Brands bid against themselves, retailers bid against brands they carry, and sometimes a product search for one item leads to a purchase – but not of the product itself.

One retail search startup, Symbiosys, which launched last year, is trying to clean up the clutter with an idea it calls collaborative bidding. The approach allows for increased sharing of budget costs and KPIs between a retailer and product brand.

This week, Symbiosys announced the close of a $9 million Series A round led by the VC firm Fuse, with participation from individual investors, including Jonathan Opdyke, co-founder and CEO of HookLogic, which was acquired by Criteo in 2016, and Patrick Miller, co-founder and president of Flywheel Digital, itself snapped up by Omnicom for a cool $835 million in October.

Supply then demand

Symbiosys comes with a pedigree on the demand side.

But getting advertisers is the easy part.

“The first step is always getting the retailer on board,” founder and CEO Bashar Kachachi told AdExchanger.

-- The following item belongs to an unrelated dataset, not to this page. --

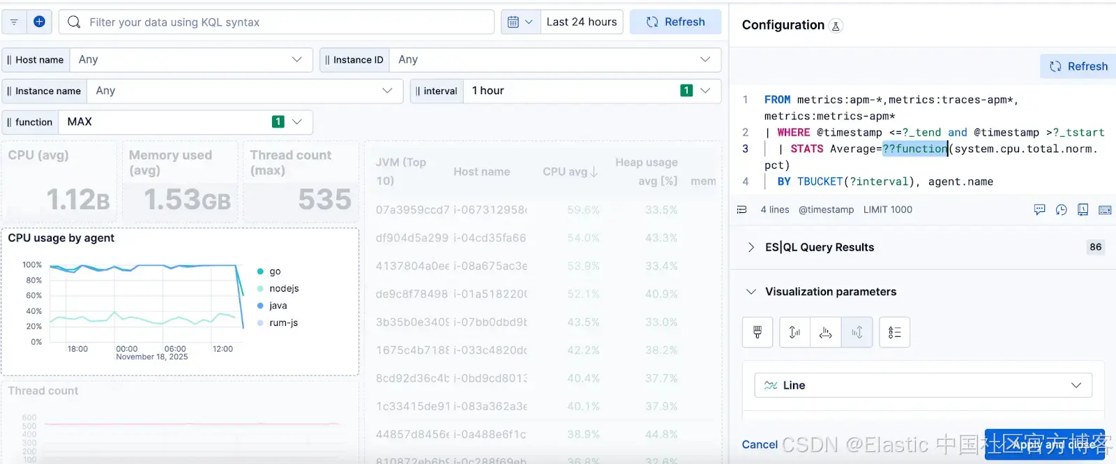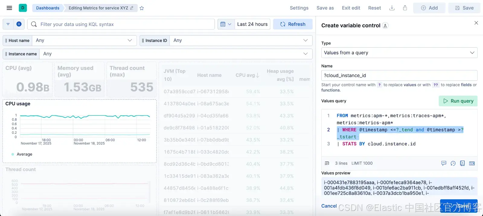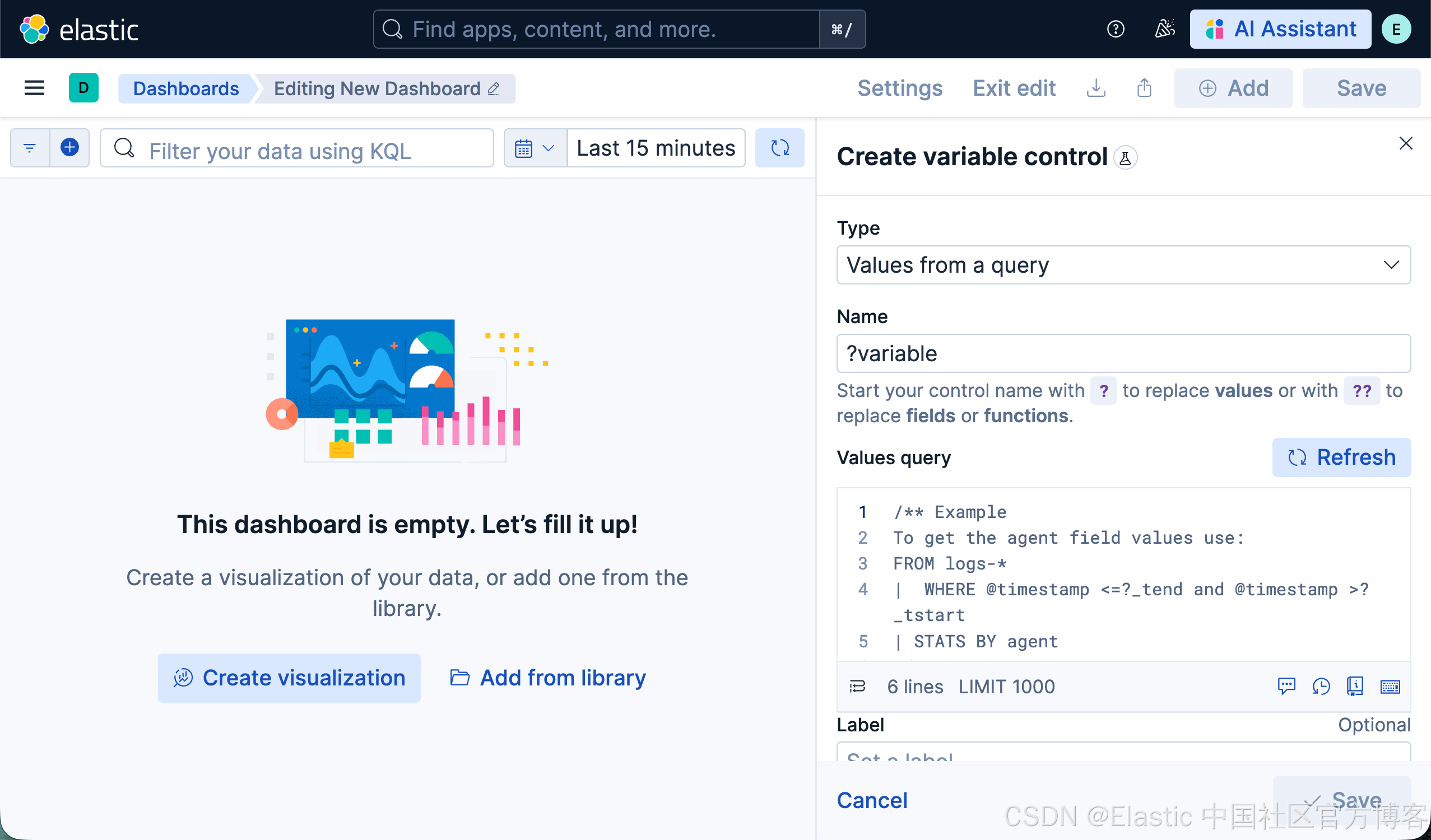创建变量控件最简单(也可能是最令人愉悦)的方式,就是直接在可视化中的 ES|QL 查询编辑器里完成。只需开始输入你的查询,使用自动完成菜单,Kibana 就会贴心地为你搭好控件的框架。
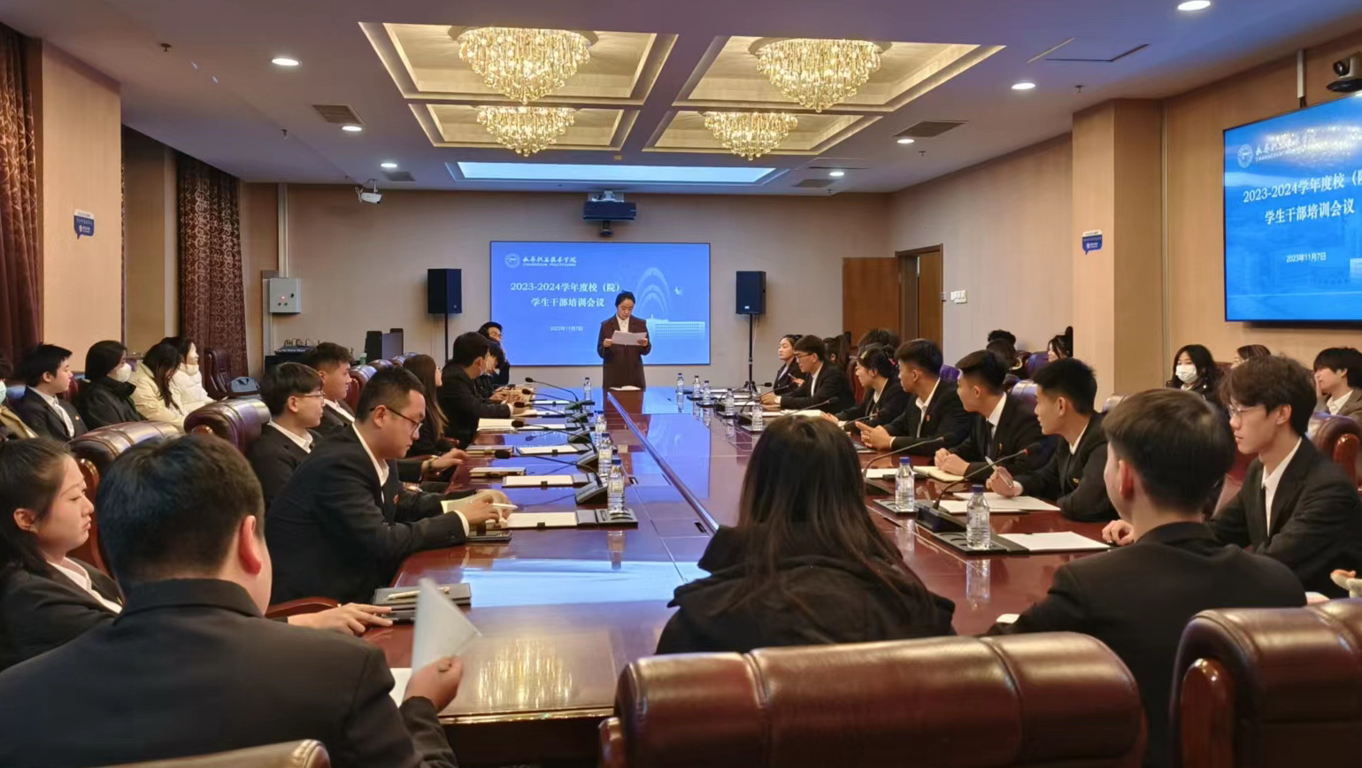 为加强beat365学生干部队伍建设,进一步提升学生干部政治素养和工作能力,有效发挥学生干部的先锋模范作用,校团委于11月7日在综合楼第二会议室进行2023-2024学年度校(院)级团(学)干部能力提升培训会,本次会议由学校团委负责人韩雯雯主持,校级学生会全体及各学院主席团、学生团委副书记参会。

There are pros and cons to the position symbiosys has staked for itself within the retailer’s ad tech system.

On the plus side, it’s whitelisted, which retailers prefer since it’s presents a a clean in-house campaign. Agency buyers prefer it, too, because the software isn’t claiming credit for sales to the brand.

“We’re a very behind-the-scenes type of technology partner,” Kachachi said.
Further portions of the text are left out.